Another subtle influence of tropism that can be overwhelmed by the influence of gravity on Earth is the presence of an ionic gradient in the growth medium. Gradients of H⁺, as well as other signaling ions, such as calcium, have been shown to influence cellular alignments and tropic responses in many plant systems (Blancaflor et al., 1998; Chatterjee et al., 2000; Fasano et al., 2001; Plieth and Trewavas, 2002; Monshausen et al., 2007). The germinating spores from the fern Ceratopteris richardii have been used as a model for examining the effects of calcium ion currents in cellular orientation in both terrestrial and orbital venues. It was hypothesized that C. richardii spores use gravity for polar axis alignment, and in the initial experiments on orbit it was shown that in the absence of gravity, although spores germinated and apparently developed normally, the polarity of that development was random (Roux et al., 2003). In short-term milligravity experiments on parabolic aircraft, calcium channel blockers successfully disrupted gravity-directed cell polarity, which further supported the premise that gravity perception in C. richardii germinating spores was mediated by mechanosensitive calcium channels (Salmi et al., 2011a, 2011b). Water is of course the carrier of ionic gradients, but water itself can affect tropic responses in plant roots when it is present as a gradient. There has been speculation that gravitropism interferes with hydrotropism (Takahashi et al., 2009) and a recent ISS payload, HydroTropi, was designed to dissect the mechanisms mediating the interactions of gravity, hydrotropism and auxin-mediated signaling.

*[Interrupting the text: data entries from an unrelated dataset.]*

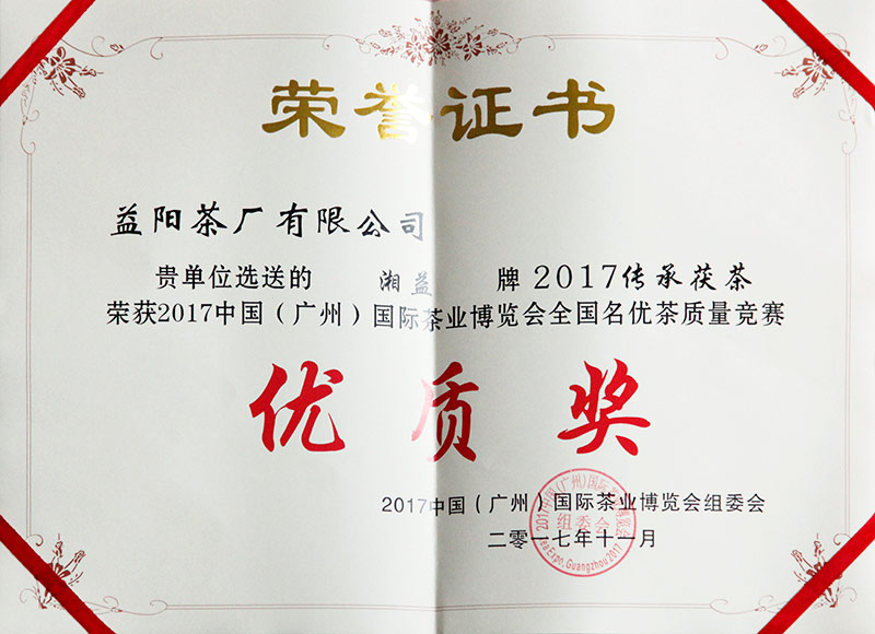 中國(廣州)國際茶葉博覽會(huì )優(yōu)質(zhì)獎
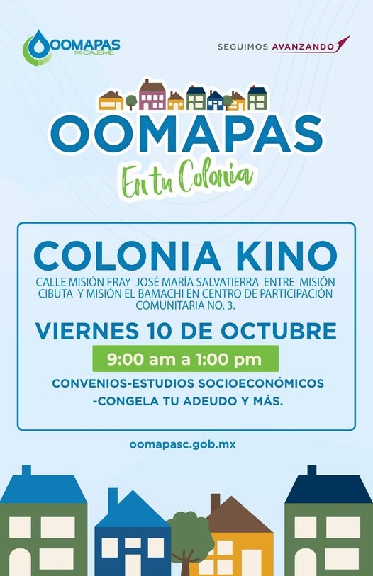 Este VIERNES 10 de OCTUBRE, estaremos en COLONIA KINO con nuestro módulo móvil para pago de recibo de agua, aclaraciones y convenios de pago.
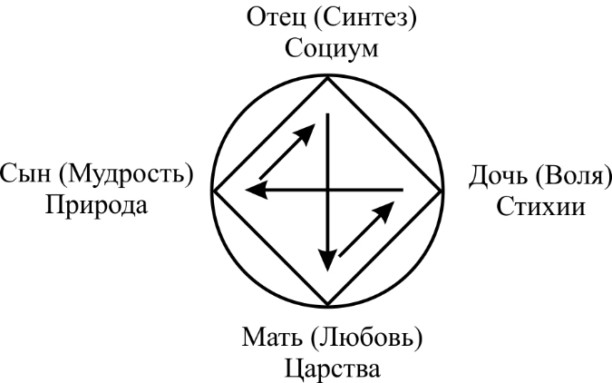 Социум – это Огонь, в этом ромбе, какой? – Синтеза. Увидели? Вспоминайте теперь, Синтеза. То есть, Социум является для человека Синтезом, запомните. Любовь – это Царство. Любовь – Мать.
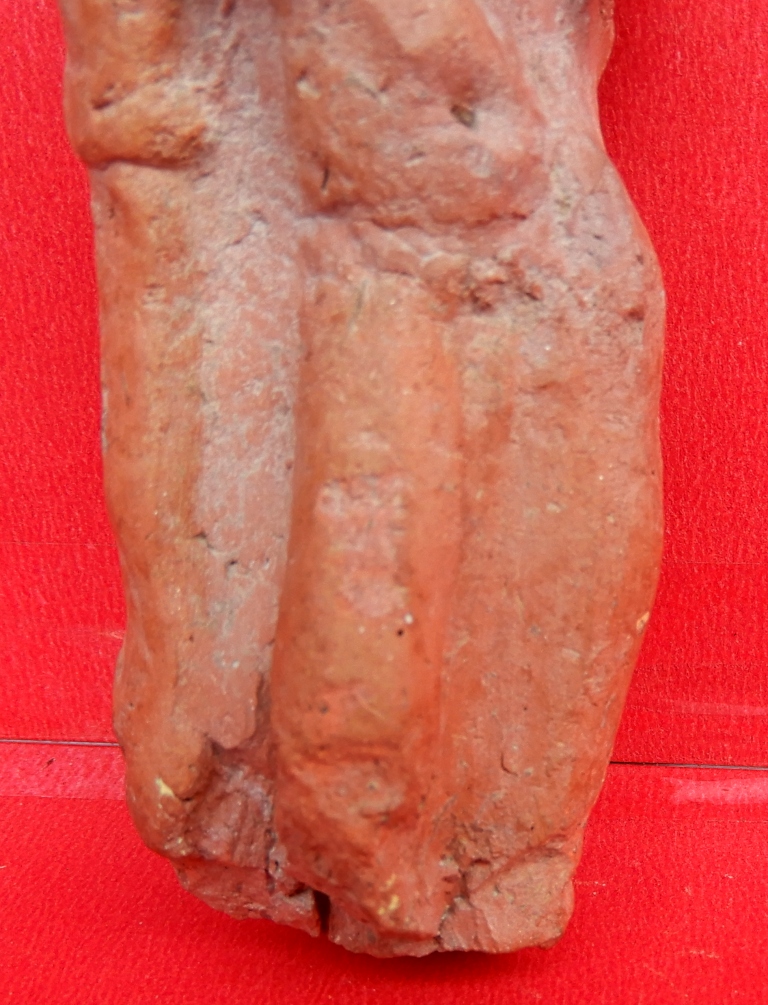 A standing female figure with worn-out features. She is adorned with a flat necklace and a girdle around the waist. Her left hand is raised to his neck, and her right hand is reaching up to the knee.
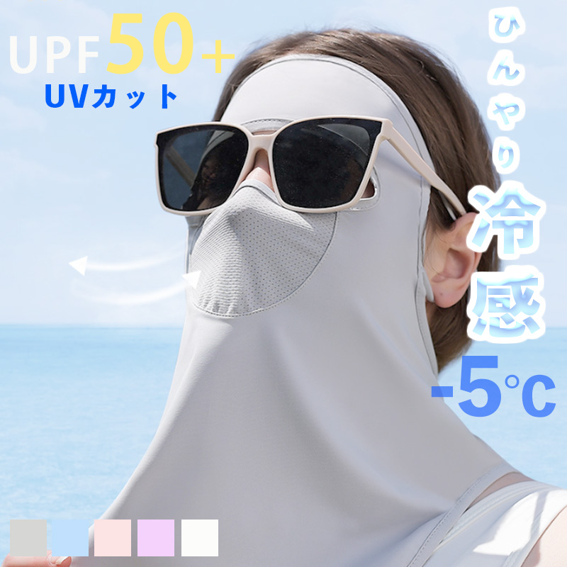 フェイスカバー UVカット 冷感 -5℃ 遮光 紫外線 ゴルフ スポーツ マスク 日焼け防止 日よけ 呼吸しやすい 完全ガード おしゃれ 顔 首 アレルギー肌 自転車
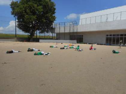 野球部は、体つくりをしていました。股関節のストレッチや体幹を鍛えるトレーニングを行いました。
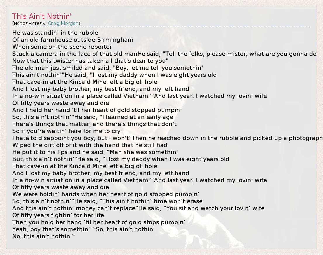 А как ты думаешь, о чем песня "This Ain't Nothin'" ?
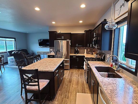 Beautiful Ranch Style house with 9 foot ceiling throughout the main floor located in the Sleepy Hollow area. The kitchen has a custom backsplash with under cabinet lights. Off the living room walkout onto a covered deck that has a natural gas hookup and a view. The main floor has a master bedroom with a ¾ bath and walk in closet. The second bedroom has a large closet with lots of storage. The basement has two bedrooms and one of those bedrooms has a large walk in closet. From the basement family room enjoy lots of natural light or walk out into the private backyard and sit on the patio. The backyard faces east providing great shade for the hot summer days. The yard has a fence, sprinkler system, concrete curbing, and a garden shed that stays with the property. The house has a two stage furnace, spray foam insulation, air exchanger, and natural gas water heater. You will have lots of addition storage in the large three stall garage that is finished and heated. The side of the garage with the 16’ door is tandem deep giving you space to park your boat, motorcycle, four-wheeler, or use it for work space. Seller is willing to work with the buyer’s realtor

The flight of the last Space Shuttle marked the end of an era in space biology science. Nearly all of the last Space Shuttle flights included plant payloads, and many of those payloads and plant growth facilities are still operational and on orbit in the ISS. Certainly there remains on the ISS significant and varied plant growth hardware, and there are many processes, procedures, and policies in place that should enable plant space biology in the post-Shuttle era. According to the Decadal Survey (a National Research Council study developed in consultation with scientists, NASA, and Congress that helped define constructive areas of research in space exploration for the next decade [NRC, 2011]), and in the minds of the plant space biology community, there remain fundamental science questions that can be addressed through spaceflight experimentation. There are proven vehicles other than the Space Shuttle that are capable of delivering scientific payloads to the ISS. As of this writing, the SpaceX Dragon capsule has made its inaugural successful docking with the ISS, literally reopening the door to United States science packages ascending to the ISS, and indeed, plant biology experiments are slated to be launched on at least SpaceX2, SpaceX3, and SpaceX4.

Spaceflight has scientifically intriguing effects on plant growth, development, gene expression, and tropic influences. The essential absence of gravity provides a tremendous platform for understanding both the fundamental influence of gravity on plants, but also for understanding the more subtle tropisms and other effects that can be experimentally masked by gravity. So too, plants remain fundamental components of human life support concepts. Therefore, plant space biology is likely to continue to be a part of fundamental plant biology as well as space exploration science.